I don’t like to talk about spirituality and religion in a personal manner. I can speak about religion as a social institution, as a concept… about spirituality as a theory, as a lifestyle. But it is an extremely rare occasion that I find it appropriate to discuss my personal belief and experience, and even then it is strictly with my family.

Despite this, I read this quote in a book my mom gave me, and for a moment the world—at least my current world—seemed suddenly ordered. And I’m breaking my personal rule to share with you why.

These last few months in Slovakia have been good. Really good. But as the winter gets darker and colder, so do my thoughts. Living here is hard. Being a wandering, indecisive, confused twenty-something is hard. Realizing that my strengths are irrelevant and my weaknesses are definitive—is hard. But this realization comes with a second: that god is the essence of a happy existence.

Pause. When I write “god,” I need to be clear. I don’t mean, specifically, the Christian god—nor the god of any other religion.
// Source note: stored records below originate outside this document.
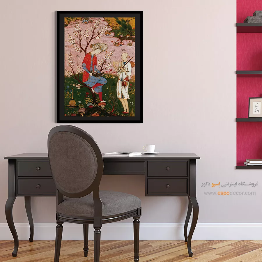 در ظرافت خطوط و درخشش رنگ‌ها، روایت هزارساله هنر مینیاتور و نگارگری ایرانی زنده می‌شود. این تابلو نقاشی ایرانی، یادگاری فاخر از میراث فرهنگی ایران برای خانه‌ای آراسته و روح‌نواز است.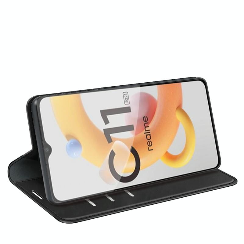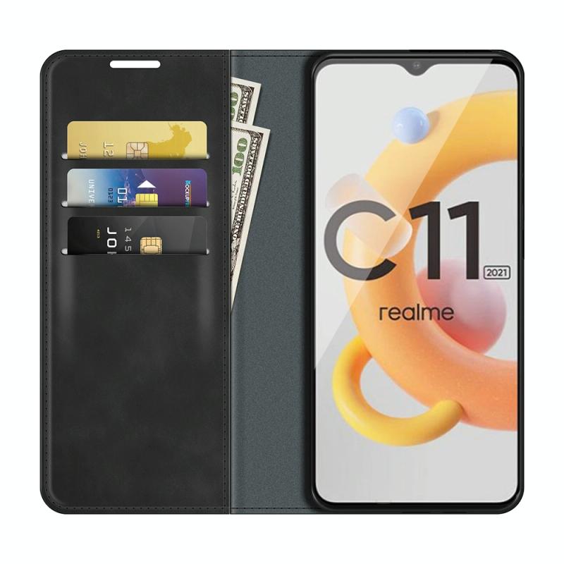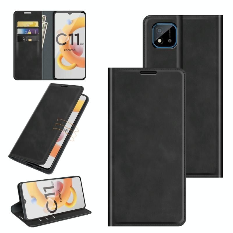 For OPPO Realme C11 2021 Retro-skin Business Magnetic Suction Leather Case with Holder & Card Slots & Wallet(Black)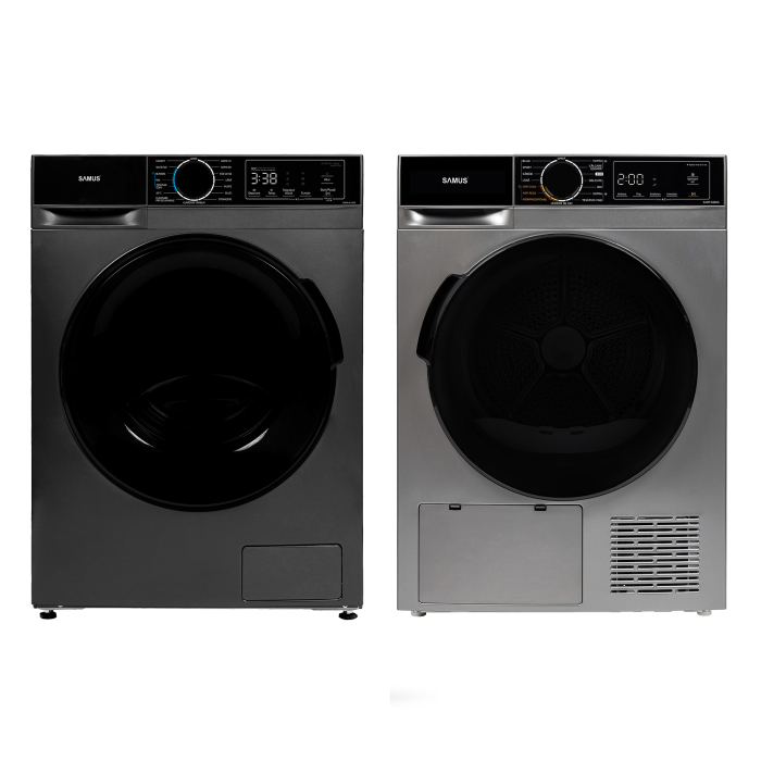 Pachetul Samus WSADI-8145DS + uscător de rufe este o soluție completă și eficientă pentru toate nevoile tale de spălat și uscat rufe, proiectată pentru confort și performanță într-un design modern gri închis / antracit.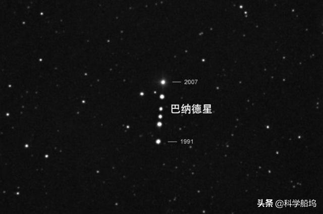 举个例子,距离地球6光年远的巴纳德星,6光年在宇宙中算是比较近的距离了,它是一颗红矮星,由于距离我们较近,并且在现阶段中,它一直在朝着太阳运动,在不到20年的时间里,它的位置就发生了很大变化,如图所示。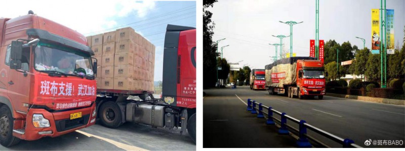 驶向武汉的车队,每一辆货车上的红色标语,满载着每一个斑布人的祝福! “斑布支援,武汉加油”、“英雄城市武汉,斑布等你凯旋归来“!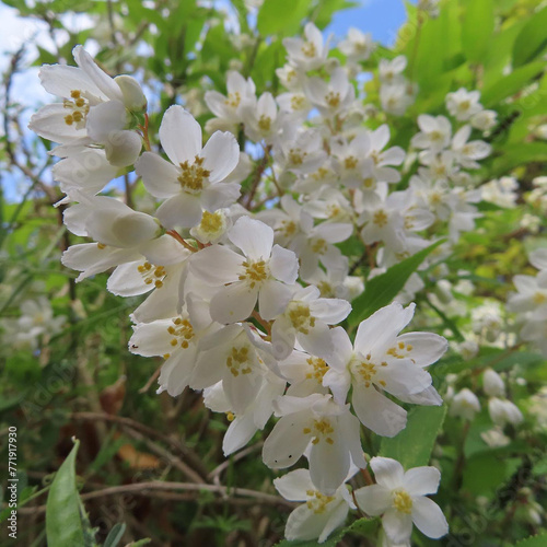 Fototapeta premium 春にヒメウツギが白い花を咲かせています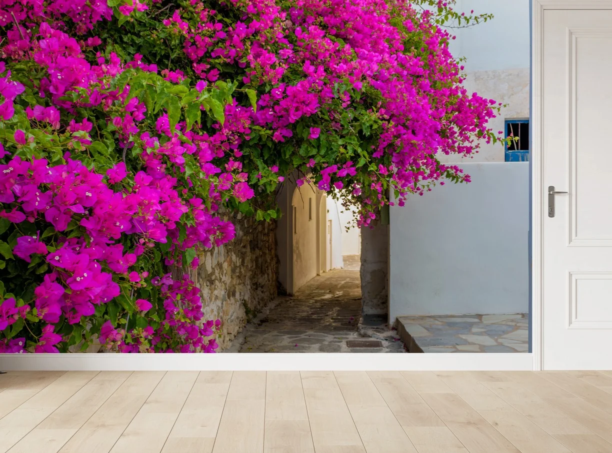 - sommer, bougainvillea, mediterran, weiß getünchte häuser, naousa, paros, griechische gasse, kykladische architektur, blaue fensterläden, gepflasterter weg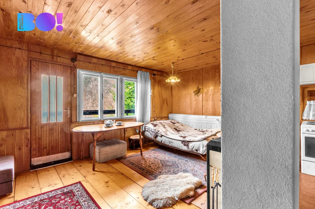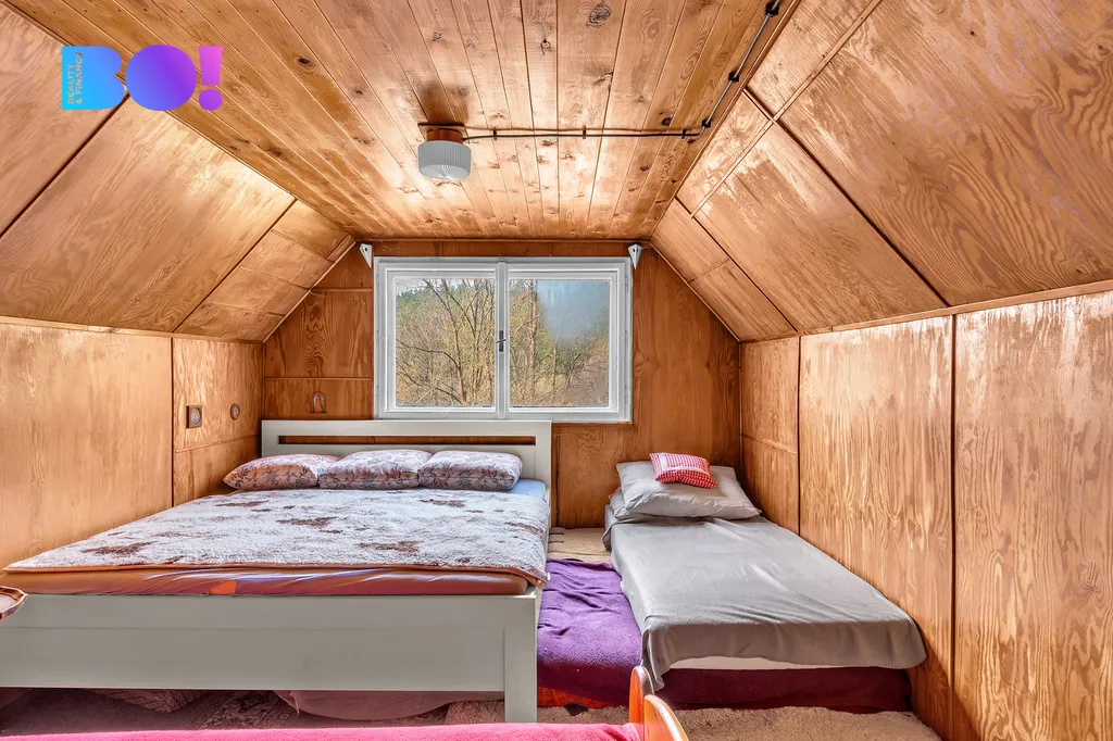 • Dispozice: 1.NP - vstup z prostorné verandy do hlavní obytné místnosti s balkonem a kuchyňským koutem, koupelna se sprchovým koutem, WC, schody do podkroví. 2 NP. ložnice v podkroví. Chata je podsklepená.

What I mean is the sense of peace and goodness that pulls at our gut and takes hold of our heart. The sense that speaks through meaningful conversations with true friends, which is still in the quiet of morning, and which warms the hands with a cup of fresh coffee. I don’t know how to express this without speaking in clichés, but I certainly refuse to associate it with any religion because (for me) religion is so heavy.

For me, in this time of glaring weakness—the best way I know how to find peace is to put my head down to the earth and decide to see god glimmer in the goodness of humanity and the beauties of a simple life.